> TASK PROMPT
In the records below, find the line holding "男性向けラノベタイトル風あだ名 | 『魔法科高校のたんぽぽちゃん』 |" and the line holding "कोटद्वार के सनेह". Set down both, with every line between them, exactly.

> INFORMATION SHOWN
========

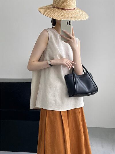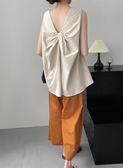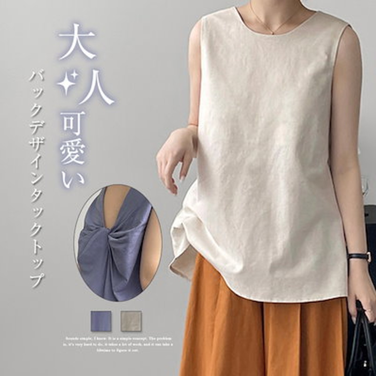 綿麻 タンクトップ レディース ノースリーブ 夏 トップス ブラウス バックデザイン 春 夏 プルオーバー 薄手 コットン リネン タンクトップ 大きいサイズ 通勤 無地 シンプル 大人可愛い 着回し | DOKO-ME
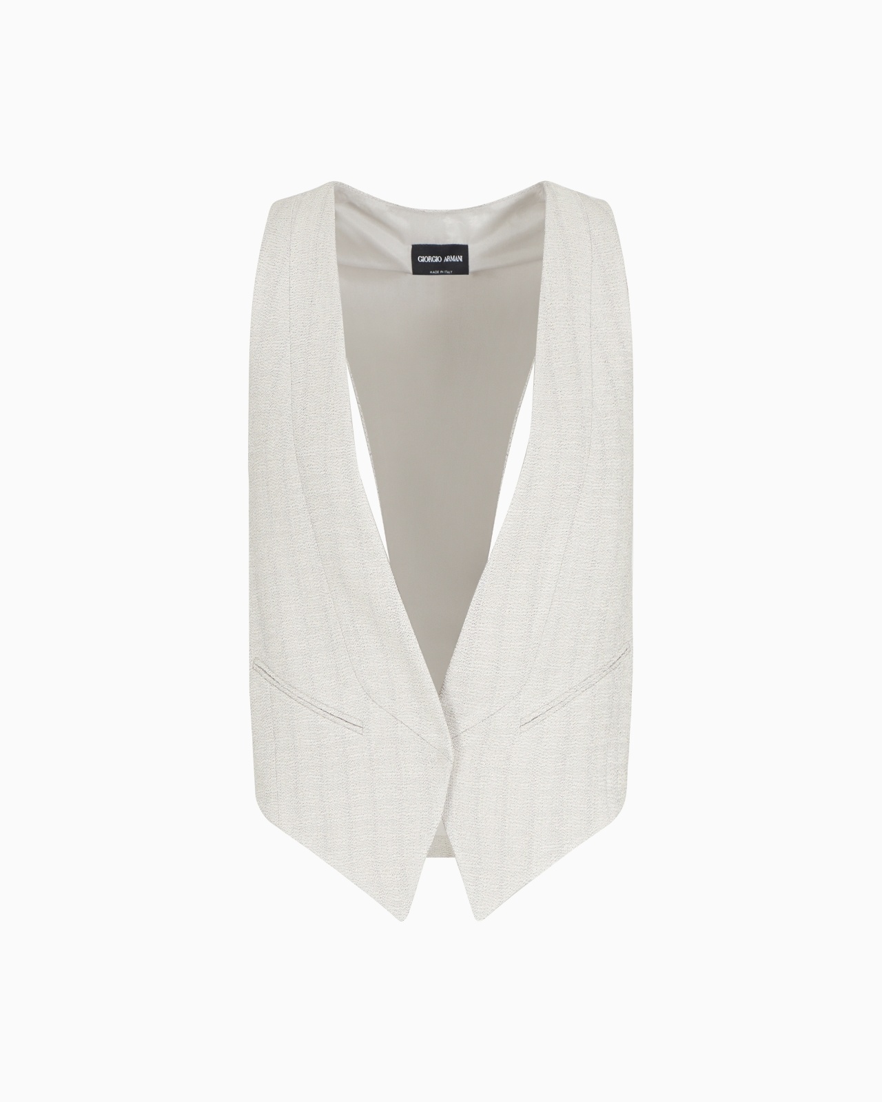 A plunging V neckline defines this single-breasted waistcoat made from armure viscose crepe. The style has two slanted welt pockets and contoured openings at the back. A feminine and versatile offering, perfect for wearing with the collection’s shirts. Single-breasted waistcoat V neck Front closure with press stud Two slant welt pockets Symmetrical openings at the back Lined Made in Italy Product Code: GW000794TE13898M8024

========

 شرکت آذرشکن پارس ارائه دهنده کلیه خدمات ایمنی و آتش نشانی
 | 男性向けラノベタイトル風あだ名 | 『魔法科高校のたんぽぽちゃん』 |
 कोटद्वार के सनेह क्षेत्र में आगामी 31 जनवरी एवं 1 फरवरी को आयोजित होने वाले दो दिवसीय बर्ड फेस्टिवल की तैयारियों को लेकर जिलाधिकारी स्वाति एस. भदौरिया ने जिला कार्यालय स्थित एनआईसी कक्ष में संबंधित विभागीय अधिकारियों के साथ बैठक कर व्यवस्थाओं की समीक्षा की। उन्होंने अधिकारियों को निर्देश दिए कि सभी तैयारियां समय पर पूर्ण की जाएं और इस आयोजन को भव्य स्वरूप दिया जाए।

========

> RESPONSE BELOW
 | 男性向けラノベタイトル風あだ名 | 『魔法科高校のたんぽぽちゃん』 |
 कोटद्वार के सनेह क्षेत्र में आगामी 31 जनवरी एवं 1 फरवरी को आयोजित होने वाले दो दिवसीय बर्ड फेस्टिवल की तैयारियों को लेकर जिलाधिकारी स्वाति एस. भदौरिया ने जिला कार्यालय स्थित एनआईसी कक्ष में संबंधित विभागीय अधिकारियों के साथ बैठक कर व्यवस्थाओं की समीक्षा की। उन्होंने अधिकारियों को निर्देश दिए कि सभी तैयारियां समय पर पूर्ण की जाएं और इस आयोजन को भव्य स्वरूप दिया जाए।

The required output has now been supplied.